Queer people were ostensibly not included in JFK’s vision for the Peace Corps when he gave his famous speech at the University of Michigan in 1961. It wasn’t until much later that LGBTQIA+ people could serve openly, but openness is still relative. On my second day as a trainee in East Africa in June 2012, we were instructed during a training not to come out to our host country national staff, as it might affect our relationships with them and the support we would received over the following two years. During my service, another volunteer agreed to pose as my girlfriend, and I was careful to use she/her/hers pronouns if conversations with friends in the communities where I lived ever went in that direction. 


The support we received as queer volunteers was minimal. We had the session on the second day of training during which we were taught about the real risks associated with coming out in a country where we were illegal, and then we were also able to meet for a lunch hour during the annual All-Volunteer Conference. Friends and I disagree about the possibilities, but logistically, I do believe there was little Peace Corps could do for us. Some volunteers had discussed a weekend in the capital for queer PCVs, but then there was the problem of getting funding approved for a meeting about which staff members couldn’t know any details. As a result, I went through some of the most difficult isolation I’ve ever experienced. 

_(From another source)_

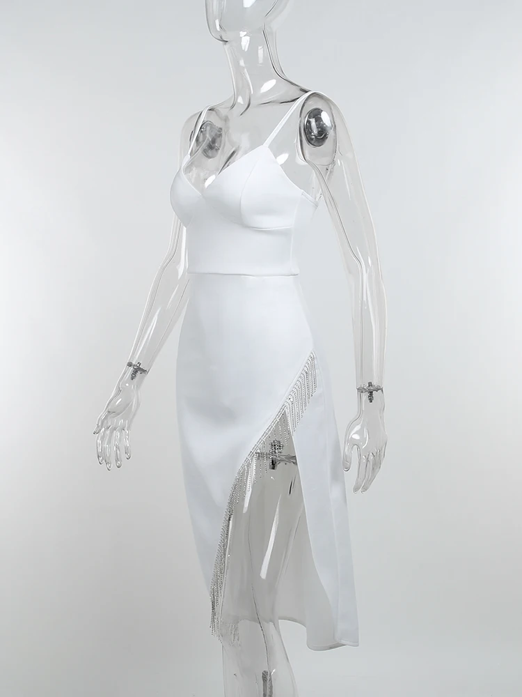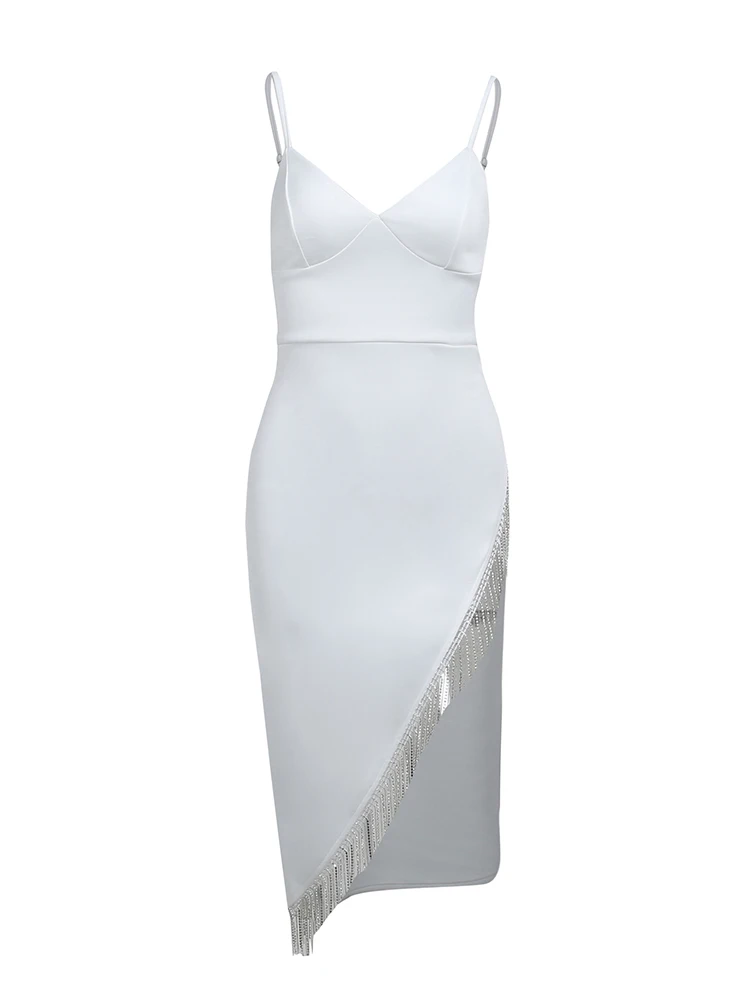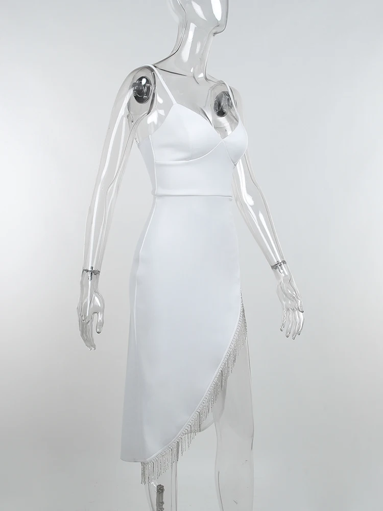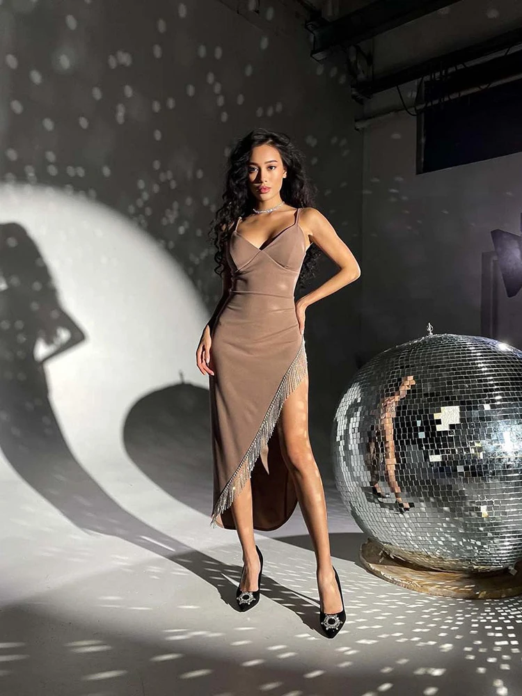 victoria’s vogue Women Elegant Partywear Dress Asymmetrical Tassel Autumn Sexy Streetwear Prom Female Clothing Cami Midi Dresses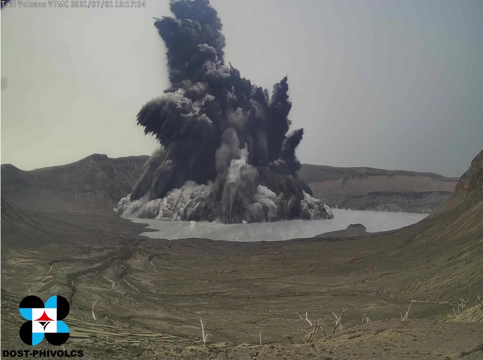 필리핀 지진화산연구소(Phivolcs)에서 2021년 7월 1일을 기점으로 따가이따이 따알 화산(Taal Volcano)의 경보 수준을 3단계로 상향 조정했다. 오늘 오후 3시 16분부터 3시 21분 사이 약 5분 동안 따알화산 분화구 주변에서 수증기마그마성 분출이 관찰됨에 따라 화산 경보 단계를 높인 것이다. 수증기마그마성 분출(Phreatomagmatic eruption)은 마그마가 물과 접촉할 때 물리적 상호작용에 의해 발생하는 분출 활동을 의미한다.

When allies put it in their own words, they say it must have been really hard not to be my true self, but it went much deeper than that. The relationships I cultivated during service felt very tenuous; I always wondered whether my local friends would still love me if they knew who I really was. The sense memory of those two years in the closet still shocks me; I’m still processing it, and I’ve been back in the States for almost four years now.

A few weeks ago I was invited to march with the Peace Corps in the Chicago Pride parade. This felt like a very symbolic opportunity; I would get to march under the flag of the country where I served and add my voice and body to the pageant of our queer liberation. I had to think seriously, though, about what it would mean to participate. Years into a process of becoming more inclusive, Peace Corps still does have a spotty reputation in regards to its queer volunteers. This includes HIV prevention methods for queer PCVs as well as placement options for trans PCVs. Additionally, queer spaces across the country have often not been open to diversity; the image is one of overwhelming able-bodied cis white maleness. Corporations now sponsor floats in Pride parades as a marketing ploy; they have only begun to accept us because of the money at stake and not because we should have had rights in the first place. 
 So why did I ultimately decide to march?

I’m not marching as an expression of the support I received from Peace Corps as a queer volunteer. As I stated earlier, there wasn’t much to go around. No, I’m not marching as a declaration to other queer people that the tides have entirely turned—they haven’t.
 I’m not marching as a testimony to straight and cis people that the world has gotten warmer for us. Many places have, yes, and in many other places, people continue to struggle and push. But there are many more places where queer people dream of these colorful flags draped in business windows and flying on poles in front of homes, atop stadiums, and in the hands of the crowds I’ll see today. Today I’ll see what many of my queer family may never see with their own eyes: thousands of mouths cheering, thousands of hearts open. No, I will not testify today to the warmth of the world for its queerness. 

For me, today is part of the healing journey I’m still on. Today I march in memory of the shattering of my life across the world. I march in memory of the wreckage around me, my old religious beliefs destroyed to make way for a new world in which my body is not garbage, not a mistake, not an unfortunate kink in the universe. Today I participate in our continual story of coming out: I walk in the sense memory of pressure, the sparkle of new diamonds deep in my core. Today I indulge in the sweet gift of being publicly gay, living in a city with a queerer identity, having friends and co-workers for whom my sexuality is not a curiosity but a description.


Today I march in gratitude to my fellow queer PCVs as well as my allies: my fake girlfriend, my friend who bought me a traditional scarf in the capital because the colorful border almost made a rainbow, and all the PCVs who kept a belief in my humanity and goodness safe for me while I broke apart. Today I participate in my pride, which is precious to me for how hard I have to fight each day to live in it.